What is the difference between a contractor and an employee?
An independent contractor is a person who agrees to deliver a certain outcome, whereas an employee must obey the employer’s command.
The systems that govern workplace relations in Australia are based on the common law ‘contract of employment’. A central characteristic of this standard ‘contract of employment’ is the power of the employer to command the manner of the work performance. Some employment relationships, however, such as those involving independent contractors, do not share this characteristic.
The principal/independent contractor relationship is referred to as a contract for services whereas the relationship between an employer and an employee is a contractual one and often referred to as a contract of service. An independent contractor typically contracts to achieve a result, whereas an employee contracts to provide their labour (typically to enable the employer to achieve a result).
It is often self-evident whether an employer/employee or a principal/independent contractor relationship exists. On the other hand, it is sometimes difficult to discern the true character of the relationship because the intentions of the parties may be unclear or ambiguous, particularly if the terms of the contract are disputed between the parties.
In the case Re Porter: re Transport Workers Union of Australia (1989) 34 IR 179 at 184, Justice Gray stated that the parties ‘cannot create something which has every feature of a rooster, but call it a duck and insist that everybody else recognise it as a duck’. In other words, if the underlying reality of the relationship is one of employment, the parties cannot alter that fact by merely having the contract state (or have the worker acknowledge) that the worker’s status is that of an independent contractor.
What makes it confusing is that there are no statutory definitions of employment. This can make it difficult to tell the difference between an employee and a contractor. Indicative factors that point to the worker being one rather than the other are
- the amount of control exercised over the worker,
- the mode of remuneration,
- the responsibility for the provision and maintenance of tools and equipment,
- the extent of the obligation to work for an organisation, and
- the capacity of a worker to delegate work to others.

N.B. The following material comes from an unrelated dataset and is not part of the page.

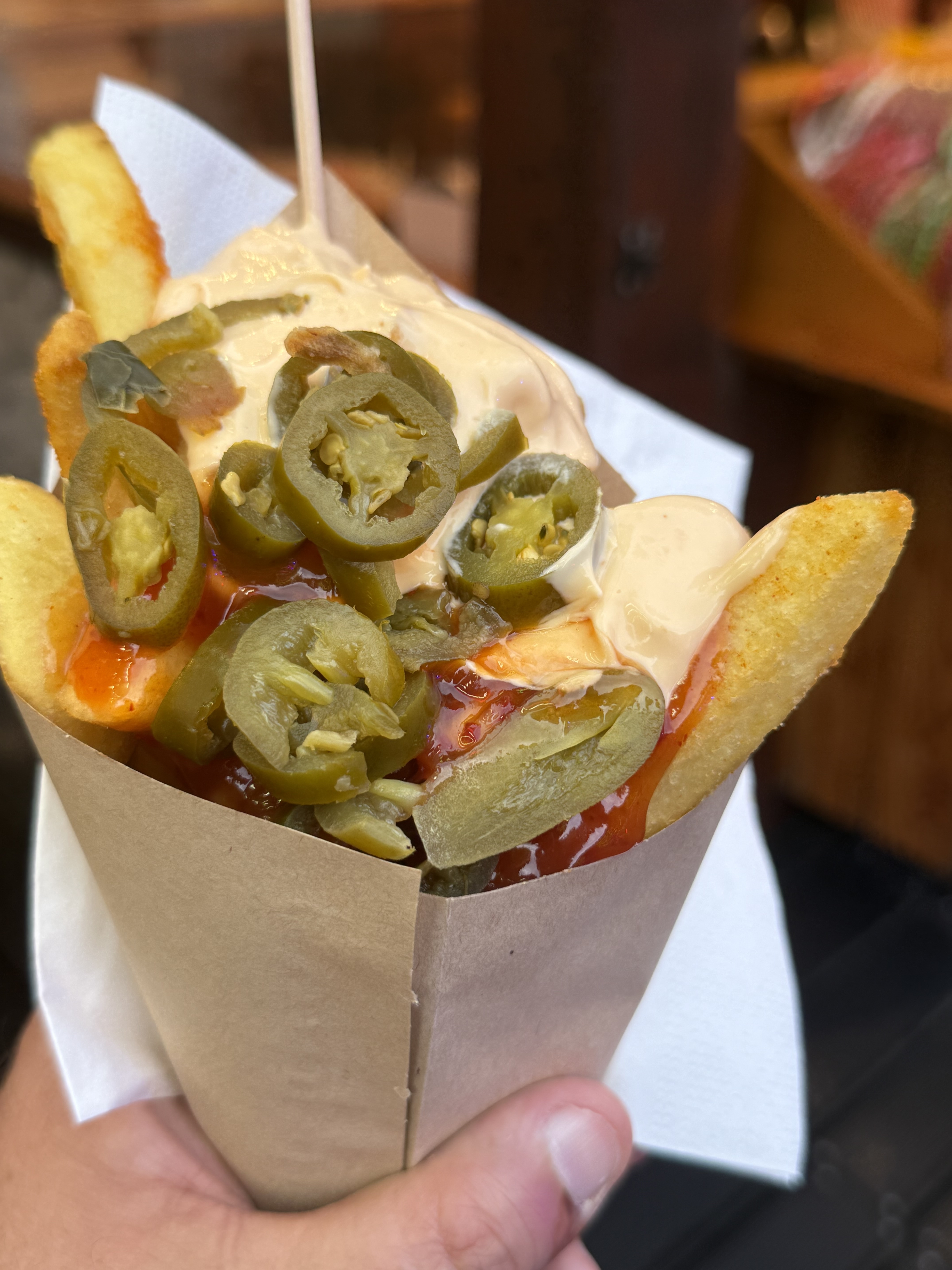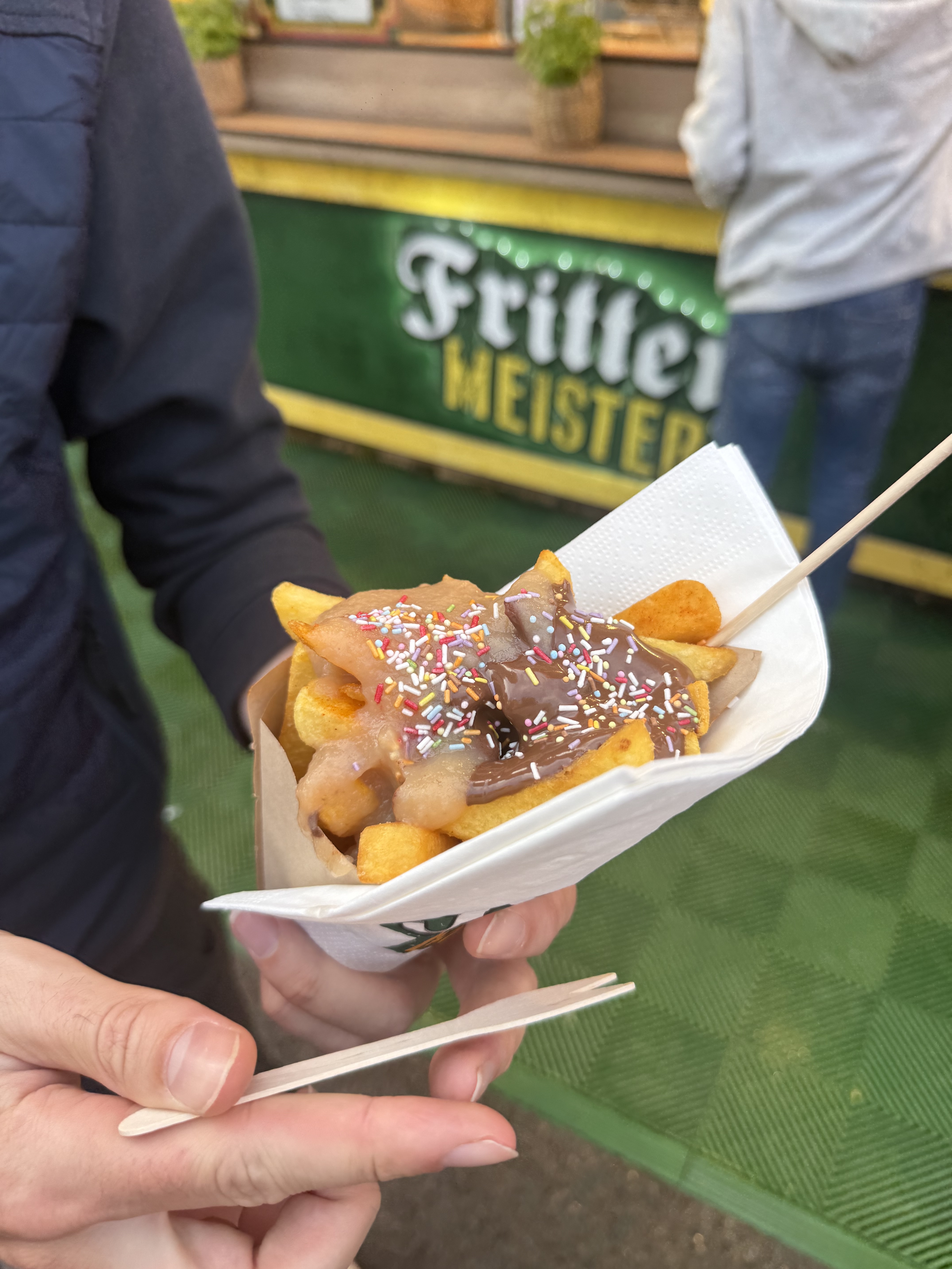 Am ersten Tag geht es zur Verköstigung zum Fritten-Meister. Heute Pommes Vlammen-Patat

There is no set combination of factors that determine whether a worker is an employee or a contractor. An example of a ‘non-employee’ employment relationship would be owner-drivers and their principals. If problems arise and the matter ends up in court, the court will look at the whole relationship and make a decision based on how the work is performed and the type of employment relationship fostered by the parties. Even though the intention of the parties will be taken into consideration, any written agreement stating the nature of a relationship as either employment or contractual will be relevant but not conclusive.
In order to clearly define the relationship with your independent contractors and ensure they are not deemed to be employees:
- Always ensure your contacts clearly spell our the nature of the relationship.
- Ensure that both parties act in a way that reflects the true nature of the relationship at all times. A case will not swing on a single factor, but allowing your contractor to demonstrate aspects of an employee relationship, will make the matter harder to defend.
- Avoid requests that any one employee perform work and wherever possible contract with corporate bodies. Allow the contractor to determine which employees should perform the work.